# PROBLEM TO SOLVE
Given the records underneath, please repeat exactly the lines from the line with "曲阜师大党委副书记卢国强通过视频连线向崔志广展示思政课兼职教师聘书。" through the line with "Unique & Custom", passing over any picture.

# SUPPLIED INFORMATION
>>>>>

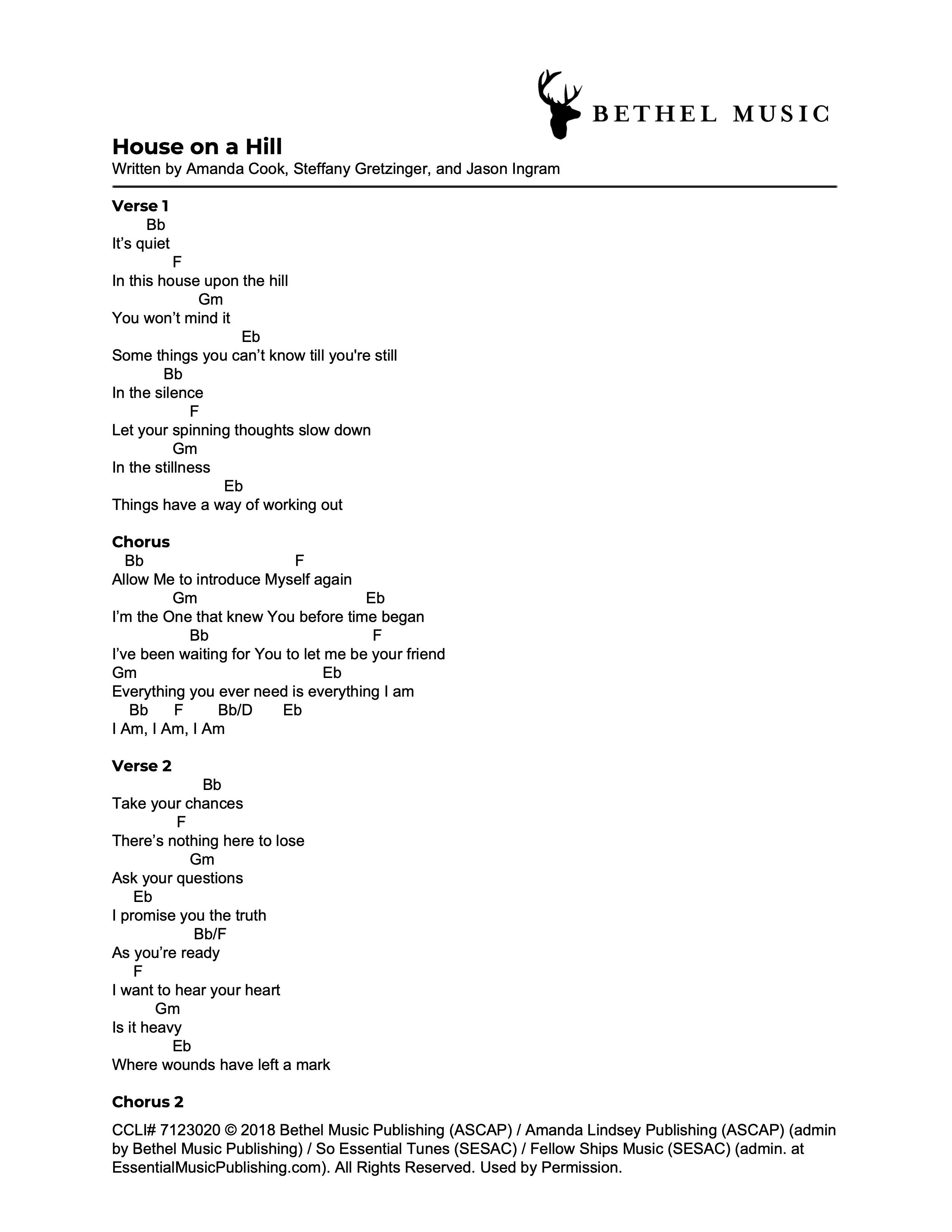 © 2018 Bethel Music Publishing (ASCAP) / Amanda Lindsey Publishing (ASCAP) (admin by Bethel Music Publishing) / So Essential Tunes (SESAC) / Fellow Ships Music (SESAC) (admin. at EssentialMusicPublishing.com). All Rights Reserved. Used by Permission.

<<<<<
>>>>>

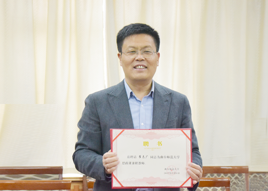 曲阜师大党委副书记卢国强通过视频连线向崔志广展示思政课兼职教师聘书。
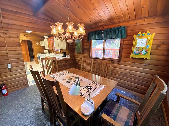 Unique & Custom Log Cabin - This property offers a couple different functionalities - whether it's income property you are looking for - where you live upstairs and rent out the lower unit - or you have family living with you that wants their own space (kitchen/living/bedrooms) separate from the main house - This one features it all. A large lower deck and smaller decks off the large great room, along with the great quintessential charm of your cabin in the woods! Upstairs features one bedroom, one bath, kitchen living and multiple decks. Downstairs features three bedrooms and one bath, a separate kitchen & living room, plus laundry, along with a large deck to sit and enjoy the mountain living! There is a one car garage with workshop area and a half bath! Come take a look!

<<<<<
>>>>>

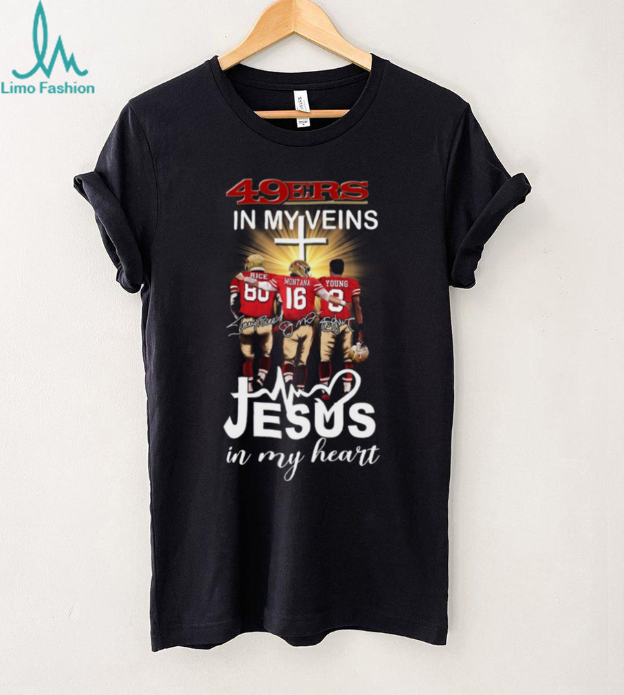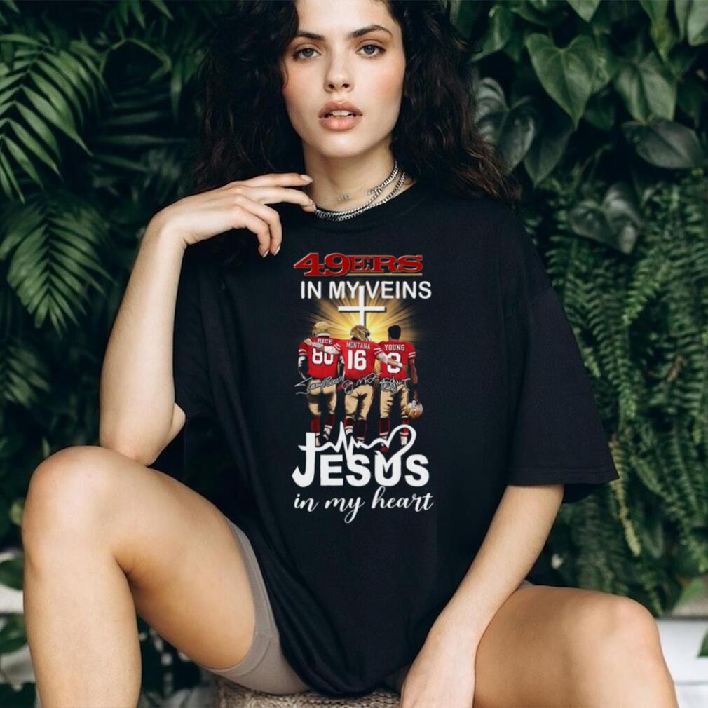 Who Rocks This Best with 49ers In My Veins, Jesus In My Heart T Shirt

<<<<<

# RESPONSE TO THE EXERCISE
 曲阜师大党委副书记卢国强通过视频连线向崔志广展示思政课兼职教师聘书。
 Unique & Custom Log Cabin - This property offers a couple different functionalities - whether it's income property you are looking for - where you live upstairs and rent out the lower unit - or you have family living with you that wants their own space (kitchen/living/bedrooms) separate from the main house - This one features it all. A large lower deck and smaller decks off the large great room, along with the great quintessential charm of your cabin in the woods! Upstairs features one bedroom, one bath, kitchen living and multiple decks. Downstairs features three bedrooms and one bath, a separate kitchen & living room, plus laundry, along with a large deck to sit and enjoy the mountain living! There is a one car garage with workshop area and a half bath! Come take a look!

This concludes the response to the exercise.